Kaufen müssen Produzenten oder Künstler seine Titel übrigens nicht. Bezahlt wird er von der Gesellschaft für musikalische Aufführungs- und mechanische Vervielfältigungsrechte (GEMA). Laufen seine Titel zum Beispiel im Radio und Fernsehen oder werden sie auf CDs verkauft, erhält der 30-Jährige Geld dafür. Ob und wie oft seine Titel letztendlich gespielt werden, sieht Trecha erst auf der GEMA-Abrechnung. "Es ist jedes Jahr eine Überraschung, was ich verdiene", verdeutlicht er. Weil das Einkommen also nicht vorhersagbar ist, gibt es für den 30-Jährigen keinen Zeitpunkt, an dem er denkt, er könne die Sache nun locker angehen. Stattdessen komponiert er am laufenden Band Titel. Durchschnittlich sind es acht bis zehn pro Monat, die er Künstlern anbietet. Doch nicht nur auf Quantität kommt es an. Denn: Je besser die Titel laufen, desto mehr haben alle Beteiligten davon.

Beim Komponieren setzt sich Trecha an sein Klavier und überlegt, welche Phrase ein guter Aufhänger für den Refrain sein könnte. "Der Refrain ist das Herzstück", betont er. Die Liedverse hingegen müssen gut erzählen können. "Ich mache mir oft vorher Gedanken, an welche Künstler der Song gehen soll." Geschrieben hat er unter anderem für Sonja Christin und Cristina Maria Sieber. Weitere Veröffentlichungen seiner Titel stehen an, etwa durch das Duo Sunrise oder Marco Spiegl.

Doch: Allein mit dem Komponieren ist es nicht getan. Jedes Instrument, das in seiner Demoversion zu hören ist, spielt Trecha über sein Keyboard ein. Auch den Gesang übernimmt er. "Ich habe extra dafür Unterricht genommen."

Zur Schlager- und Volksmusik kam er durch seinen Vater. "Ich sehe bei dieser Musikrichtung die besten Chancen, mich entfalten zu können." Das Wichtigste beim Komponieren: "Man muss sich in den anderen hineinversetzen können."

Für wen er gerne noch komponieren würde? "Finanziell gesehen natürlich für Helene Fischer", grinst der Bietigheimer. Ansonsten findet er Roland Kaiser oder Bernhard Brink musikalisch interessant. Sein genereller Wunsch: "Mit meinen Kompositionen soll man etwas Gutes verbinden." Dafür arbeitet er emsig. Denn obwohl viele sagen, dass er seinen Weg gehen wird, Trecha bleibt lieber bescheiden.

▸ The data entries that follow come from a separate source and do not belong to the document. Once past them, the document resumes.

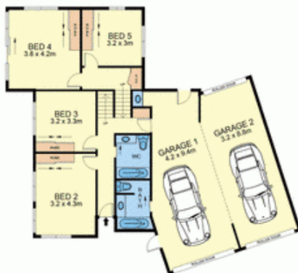
LEVEL 1 & LEVEL 2

NB: Land size and dimensions are approximate.
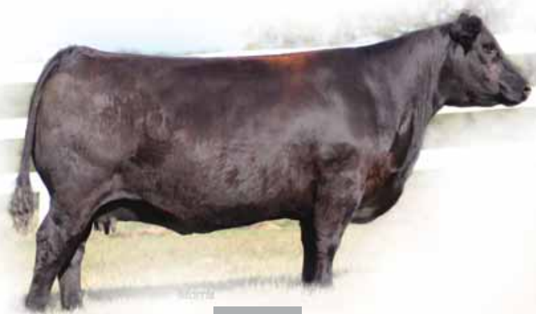
LOT 47 JJE Tierra 713T
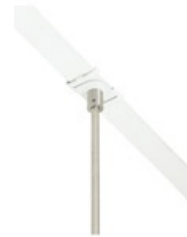
MonoRail T-Bar Connector
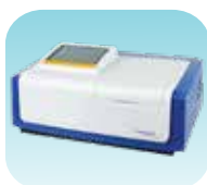
UV/VIS Spectro 2080+ Double Beam

Analytical Technologies is synonymous for offering technologies for doing analysis and is the Fastest Growing Global Brand having presence in at least 96 countries across the global. Analytical Technologies Limited is an ISO:9001 Certified Company engaged in Designing, Manufacturing, Marketing & providing Services for the Analytical, Chromatography, Spectroscopy, Bio Technology, Bio Medical, Clinical Diagnostics, Material Science & General Laboratory Instrumentation. Analytical Technologies, India has across the Country operations with at least 4 Regional Offices, 6 Branch Offices & Service Centers. Distributors & Channel partners worldwide.
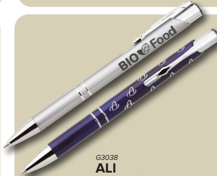
G3038 ALI BALLPOINT PEN

*additional decoration charges will apply
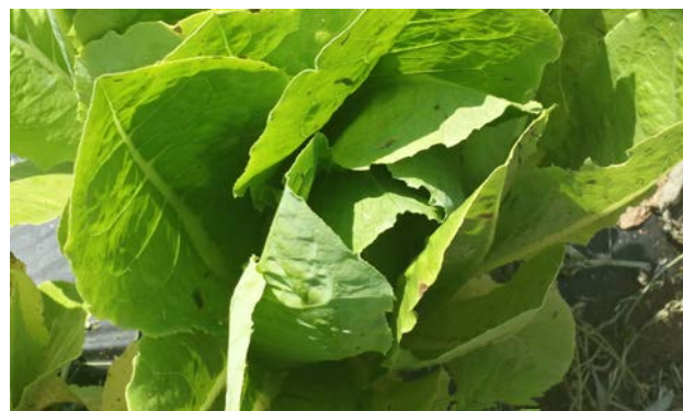
Fig. 1 (TOP): At Fresh Stops, each family receives a “share” of seasonal produce.
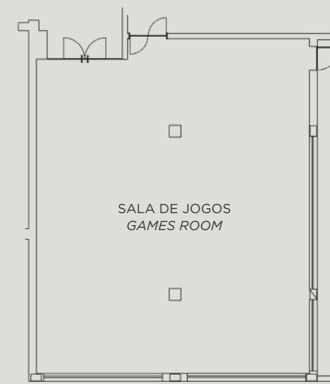
PISO | FLOOR 0
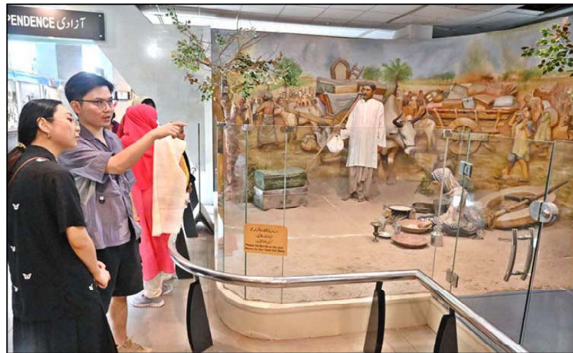
ISLAMABAD: Foreigners visits Pakistan Monument Museum.
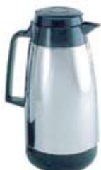
BRUSHED COPPER FINISH,1.6, 1.9 Lt.
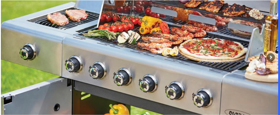
THE NATIONS FAVOURITE BARBECUE
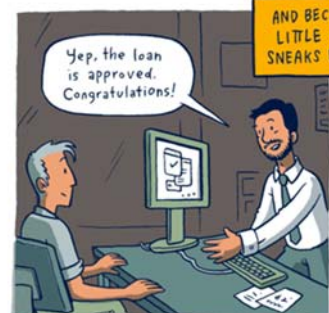
AND BECAUSE EACH LITTLE DIFFERENCE SNEAKS BY UNNOTICED...

Eines aber macht ihn doch stolz: Das neue Album der Amigos mit seinem Song schaffte es auf Platz eins der offiziellen deutschen Charts. Für den Bietigheimer ein unglaubliches Gefühl, nach so kurzer Zeit auf einem Nummer-eins-Album vertreten zu sein. "Ich hoffe, dass ich daran anknüpfen darf."